Davacı abonelik iptali işleminin yerinde olmadığına dayanarak talepte bulunduğundan abonelik sözleşmesinin tarafının perakende satış işleminin tarafı olması nedeni ile dava tarihi itibariyle bu davada taraf sıfatı olduğundan husumet nedeni ile red kararı verilmesi yerinde değil ise de , red kararı verilmiş olması sonuç itibariyle yerinde olduğundan , davalı vekilinin her bir davalı lehine ayrı ayrı vekalet ücretine hükmedilmesi gerektiğine yönelen istinaf istemi yerinde görülmemiştir.
Yukarıda açıklanan nedenler ve tüm dosya içeriğine göre; ilk derece mahkemesince taraflarca gösterilen delillerin toplanmasında, değerlendirilmesinde esas ve usul bakımından hukuka aykırılık bulunmadığı ve davacı vekilinin tüm ve davalı vekilinin tüm istinaf nedenleri yerinde görülmediğinden 6100 Sayılı HMK’nun 353/1. fıkrası (b-1) bendi uyarınca istinaf başvurusunun esastan reddine, hükmün vekalet ücretine ilişkin kısmının “Davalılar davayı vekil ile takip ettiğinden Avukatlık Asgari Ücret Tarifesine göre belirlenen 2.760,00 TL vekalet ücretinin davacı taraftan tahsili ile davalılara verilmesine” şeklinde düzeltilmesine ilişkin karar verilmesi gerektiği kanaatine varılarak aşağıdaki şekilde hüküm kurulmuştur.

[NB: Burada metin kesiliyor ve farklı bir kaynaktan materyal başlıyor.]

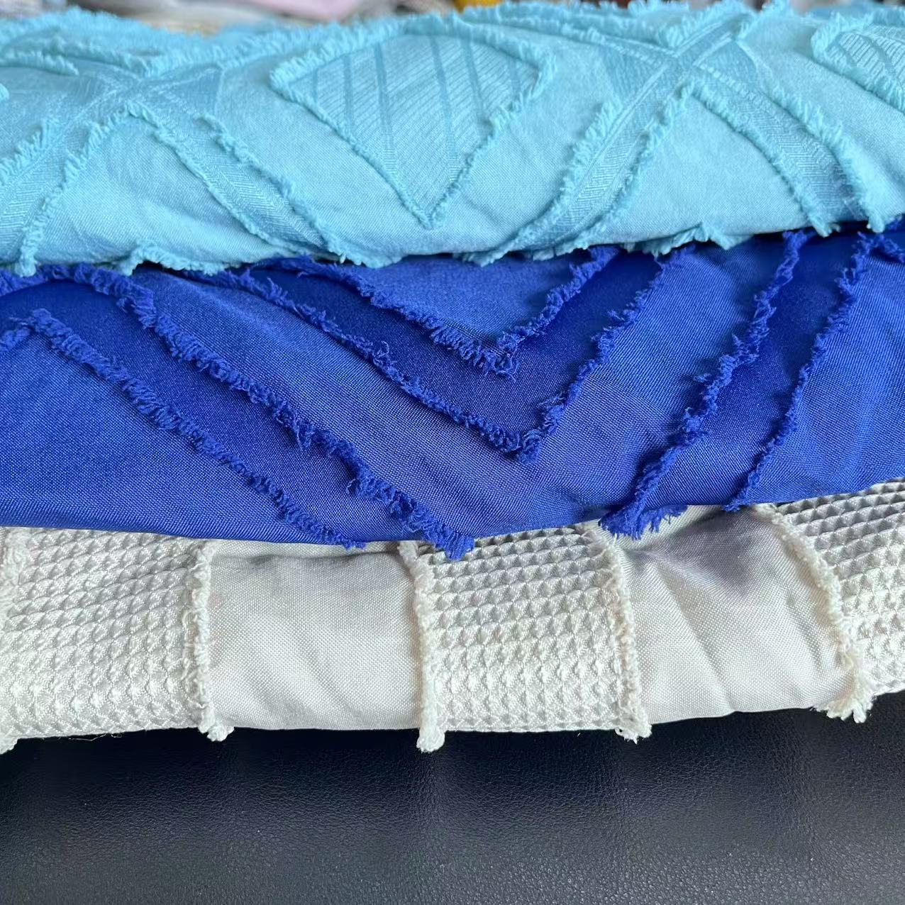 Saat ini, perusahaan memiliki peralatan sebagai berikut: 5 set mesin peregangan dan 7 truk pembengkok. Kami terutama berurusan dengan kain kosong poliester, berbagai spesifikasi kain yang disikat, kain yang dicetak dan diwarnai, tempat tidur dan produk tekstil rumah lainnya.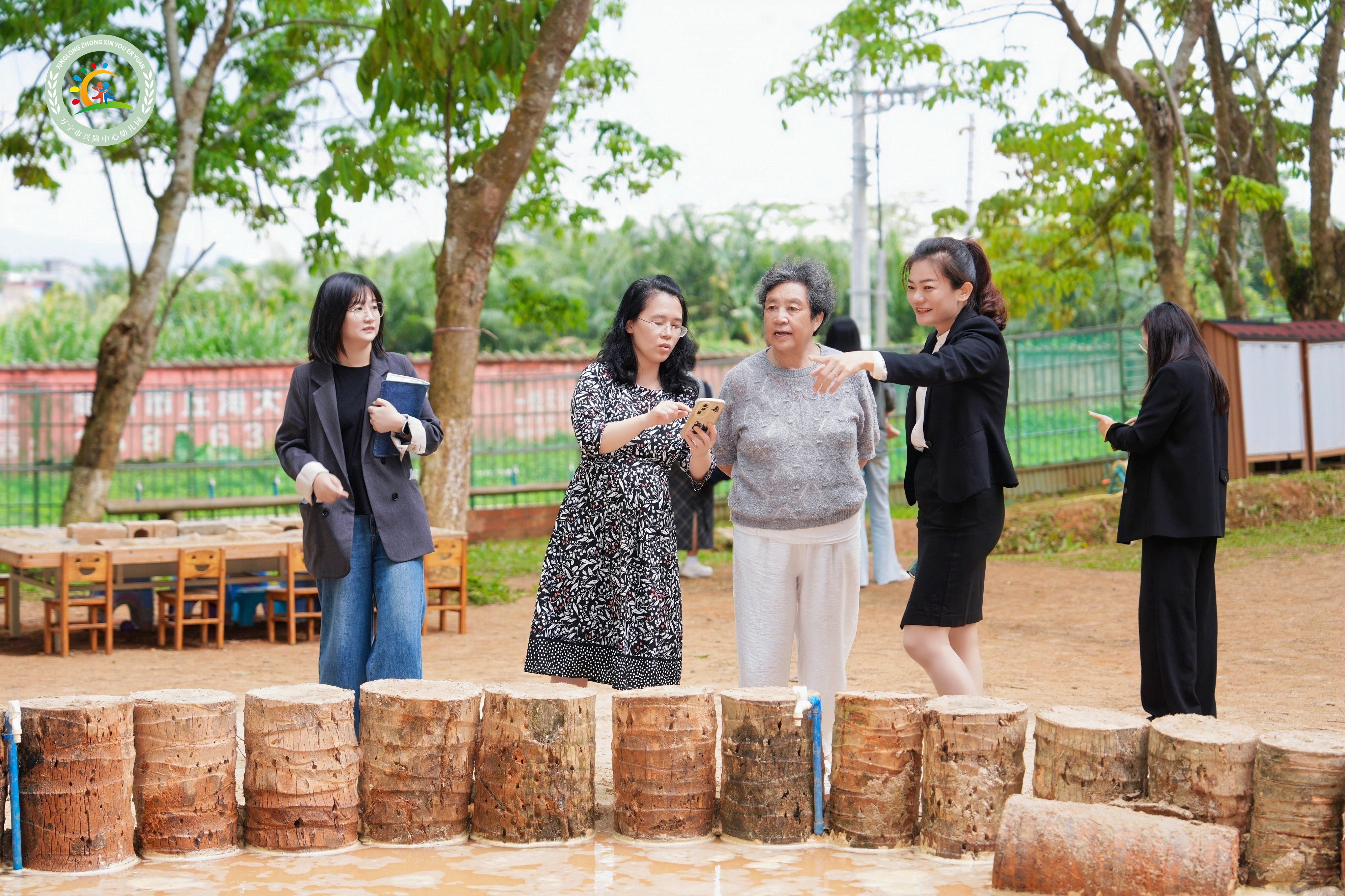 2024年10月,兴隆中心幼儿园把后山封闭的荒地进行扩建,打造出十亩原生态户外场地,未做过多的硬化,而是保留了原有的高坡、低坡、植被,因地制宜规划出泥坑区、水渠区、野战区、攀爬区、表演区、高坡滑行区等12个幼儿游戏区域。随处可见的橡胶木块、椰子树干等低结构游戏材料,让孩子们真正走进自然,回归自然教育。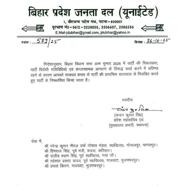 JDU State General Secretary Chandan Kumar Singh issued the expulsion letter. The prominent leaders who have been suspended include former Munger-Jamalpur minister Shailesh Kumar, former Jamui-Chakai Legislative Council member Sanjay Prasad, former Siwan-Baraharia MLA Shyam Bahadur Singh, former Bhojpur-Barahara MLC Ranvijay Singh, former Sheikhpura-Barbigha MLA Sudarshan Kumar, Amar Kumar Singh, a resident of Sahebpur Kamal in Begusarai district, Dr. Asma Parveen of Vaishali, Luv Kumar of Aurangabad, Asha Suman of Katihar, Divyanshu Bhardwaj of East Champaran, and Vivek Shukla of Siwan. The party stated that indiscipline and anti-party activities will not be tolerated during the elections.

H Ü K Ü M: Yukarıda açıklanan nedenlerle,
1-Davacı vekilinin ve tüm davalı vekilinin tüm istinaf nedenleri yerinde görülmediğinden istinaf isteminin 6100 Sayılı HMK’nun 353/1. fıkra (b-1) bendi gereğince ESASTAN REDDİNE,
2-Hükmün vekalet ücretine ilişkin kısmının “Davalılar davayı vekil ile takip ettiğinden Avukatlık Asgari Ücret Tarifesine göre belirlenen 2.760,00 TL vekalet ücretinin davacı taraftan tahsili ile davalılara verilmesine” şeklinde DÜZELTİLMESİNE,
3-Davacı tarafından peşin yatırılan 121,30-TL istinaf yoluna başvuru harcı ile 44,40 TL istinaf karar ve ilam harcının alınması gereken 80,70 TL’den mahsubuyla, bakiye 36,30 TL’nin davacıdan alınarak Hazineye gelir kaydına,
4-Davalı tarafından peşin yatırılan 121,30-TL istinaf yoluna başvuru harcı ile 44,40 TL istinaf karar ve ilam harcının alınması gereken 80,70-TL’den mahsubuyla, bakiye 36,30-TL’nin davalıdan alınarak Hazineye gelir kaydına,
5-Davacı ve davalı tarafından yapılan istinaf giderlerinin üzerinde bırakılmasına,
6-Artan gider avansının karar kesinleştiğinde yatıranlara iadesine,
7-Kesin olan işbu kararın taraflara tebliği, avans ve harç tahsil / iade işlemlerinin İlk Derece Mahkemesince yerine getirilmesine,
İlişkin dosya üzerinde yapılan inceleme sonunda 6100 Sayılı HMK’nun 362. Maddesi (1-a) bendi uyarınca 13/05/2022 tarihinde KESİN olmak üzere oy birliği ile karar verildi.